* Prompt:
Transcribe the data exactly, pictures excluded.

* Data excerpt:

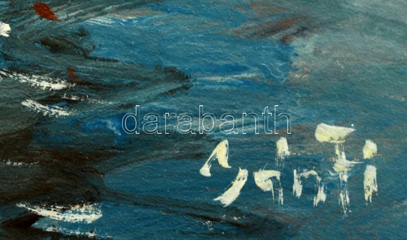 Beschreibung: Bánfi jelzéssel: Vitorlások a tavon. Olaj, karton, 25×35 cm
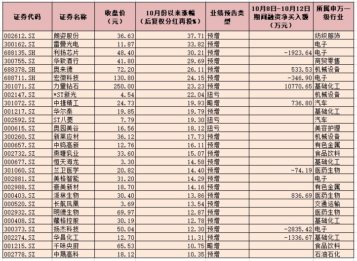 表:10月份以來漲幅超10%的業(yè)績預喜股一覽
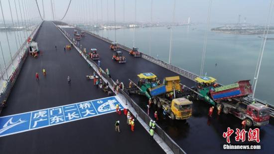 资料图:1月30日,粤港澳大湾区又一重要过江通道虎门二桥项目的两座主桥钢桥面环氧沥青铺装工程完成,预计今年5月1日前通车。中新社发 岳路建 摄
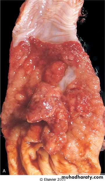 Adenocarcinomas appear to arise from dysplastic mucosa in the setting of Barrett esophagus. Unlike squamous cell carcinomas, they are usually in the distal one third of the esophagus and may invade the subjacent gastric cardia.

* Solution for this task:
 Beschreibung: Bánfi jelzéssel: Vitorlások a tavon. Olaj, karton, 25×35 cm
 表:10月份以來漲幅超10%的業(yè)績預喜股一覽
 资料图:1月30日,粤港澳大湾区又一重要过江通道虎门二桥项目的两座主桥钢桥面环氧沥青铺装工程完成,预计今年5月1日前通车。中新社发 岳路建 摄
 Adenocarcinomas appear to arise from dysplastic mucosa in the setting of Barrett esophagus. Unlike squamous cell carcinomas, they are usually in the distal one third of the esophagus and may invade the subjacent gastric cardia.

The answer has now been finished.